§ Exercise directions
I'd like the entries repeated exactly, without their pictures.

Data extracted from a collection
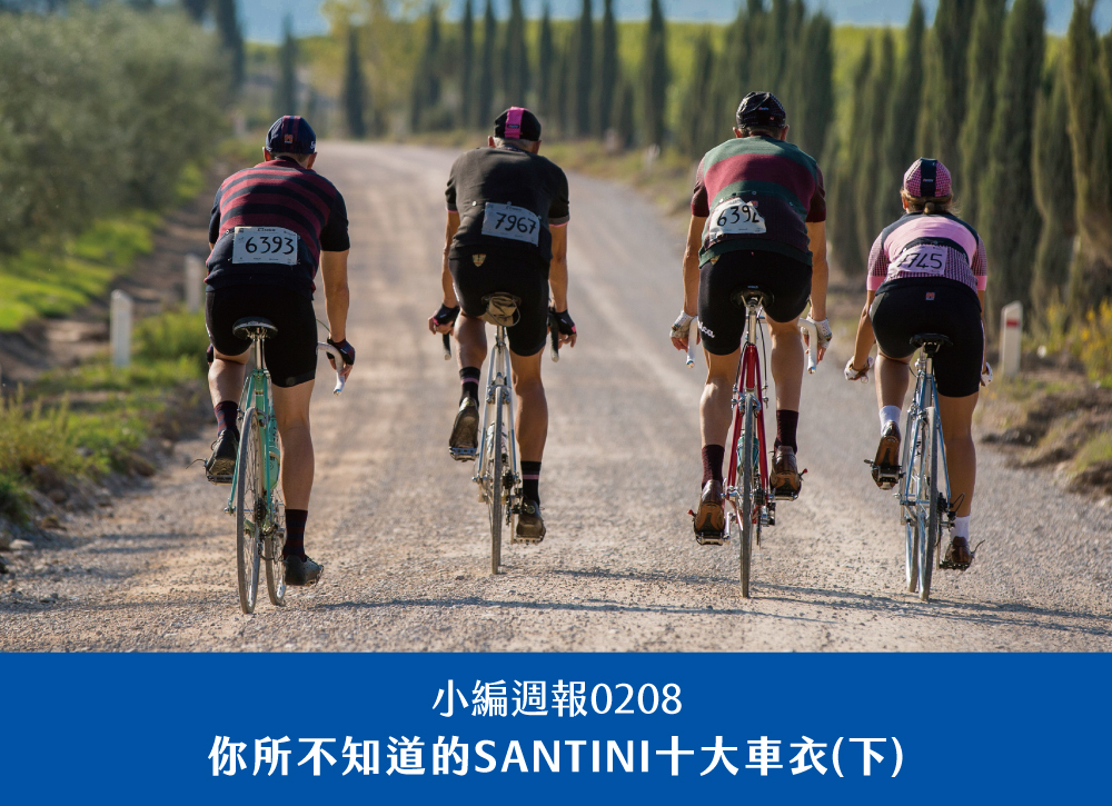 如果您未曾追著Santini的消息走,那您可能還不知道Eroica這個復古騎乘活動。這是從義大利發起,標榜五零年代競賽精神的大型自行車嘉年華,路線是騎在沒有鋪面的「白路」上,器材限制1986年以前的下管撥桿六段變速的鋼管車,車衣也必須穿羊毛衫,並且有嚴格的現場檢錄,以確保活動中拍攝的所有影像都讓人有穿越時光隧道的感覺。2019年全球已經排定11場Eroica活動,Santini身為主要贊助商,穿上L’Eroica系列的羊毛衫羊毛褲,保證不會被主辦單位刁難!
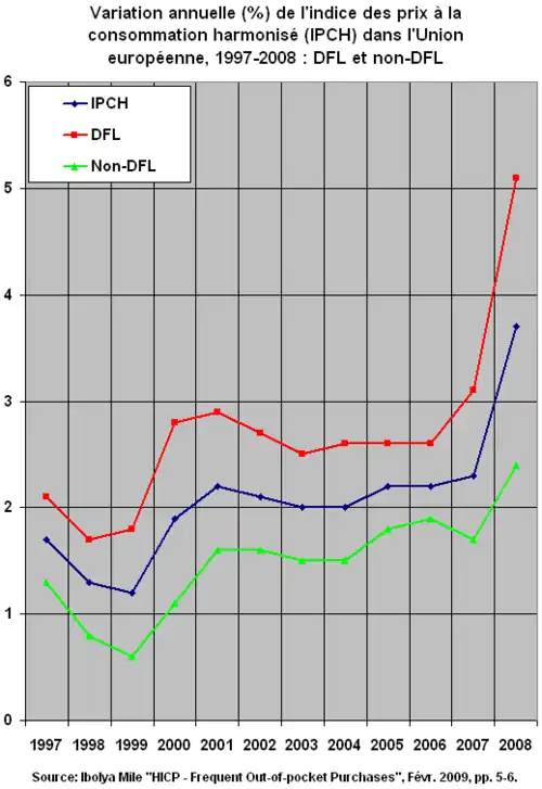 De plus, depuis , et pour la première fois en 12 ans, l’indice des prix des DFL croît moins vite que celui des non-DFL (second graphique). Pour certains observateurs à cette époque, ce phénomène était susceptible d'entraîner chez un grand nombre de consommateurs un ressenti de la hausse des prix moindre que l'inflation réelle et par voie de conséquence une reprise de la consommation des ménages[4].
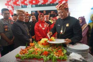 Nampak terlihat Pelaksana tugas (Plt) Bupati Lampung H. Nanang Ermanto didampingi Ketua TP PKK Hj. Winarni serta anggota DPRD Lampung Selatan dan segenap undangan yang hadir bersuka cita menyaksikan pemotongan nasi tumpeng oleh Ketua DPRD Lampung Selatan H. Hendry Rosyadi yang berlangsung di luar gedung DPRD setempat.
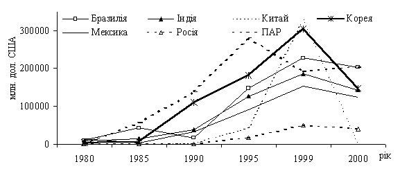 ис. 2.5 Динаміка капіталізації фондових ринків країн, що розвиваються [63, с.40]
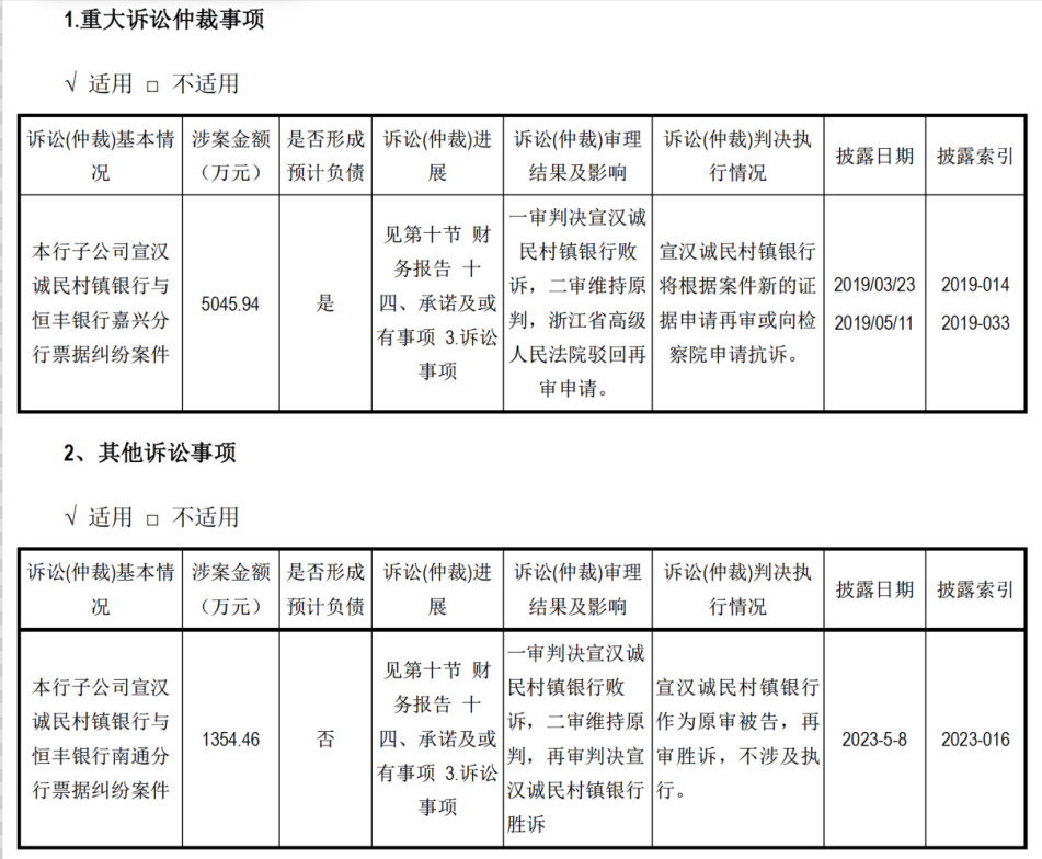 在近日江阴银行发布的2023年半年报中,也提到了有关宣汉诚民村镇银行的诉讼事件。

§ Problem solution
 如果您未曾追著Santini的消息走,那您可能還不知道Eroica這個復古騎乘活動。這是從義大利發起,標榜五零年代競賽精神的大型自行車嘉年華,路線是騎在沒有鋪面的「白路」上,器材限制1986年以前的下管撥桿六段變速的鋼管車,車衣也必須穿羊毛衫,並且有嚴格的現場檢錄,以確保活動中拍攝的所有影像都讓人有穿越時光隧道的感覺。2019年全球已經排定11場Eroica活動,Santini身為主要贊助商,穿上L’Eroica系列的羊毛衫羊毛褲,保證不會被主辦單位刁難!
 De plus, depuis , et pour la première fois en 12 ans, l’indice des prix des DFL croît moins vite que celui des non-DFL (second graphique). Pour certains observateurs à cette époque, ce phénomène était susceptible d'entraîner chez un grand nombre de consommateurs un ressenti de la hausse des prix moindre que l'inflation réelle et par voie de conséquence une reprise de la consommation des ménages[4].
 Nampak terlihat Pelaksana tugas (Plt) Bupati Lampung H. Nanang Ermanto didampingi Ketua TP PKK Hj. Winarni serta anggota DPRD Lampung Selatan dan segenap undangan yang hadir bersuka cita menyaksikan pemotongan nasi tumpeng oleh Ketua DPRD Lampung Selatan H. Hendry Rosyadi yang berlangsung di luar gedung DPRD setempat.
 ис. 2.5 Динаміка капіталізації фондових ринків країн, що розвиваються [63, с.40]
 在近日江阴银行发布的2023年半年报中,也提到了有关宣汉诚民村镇银行的诉讼事件。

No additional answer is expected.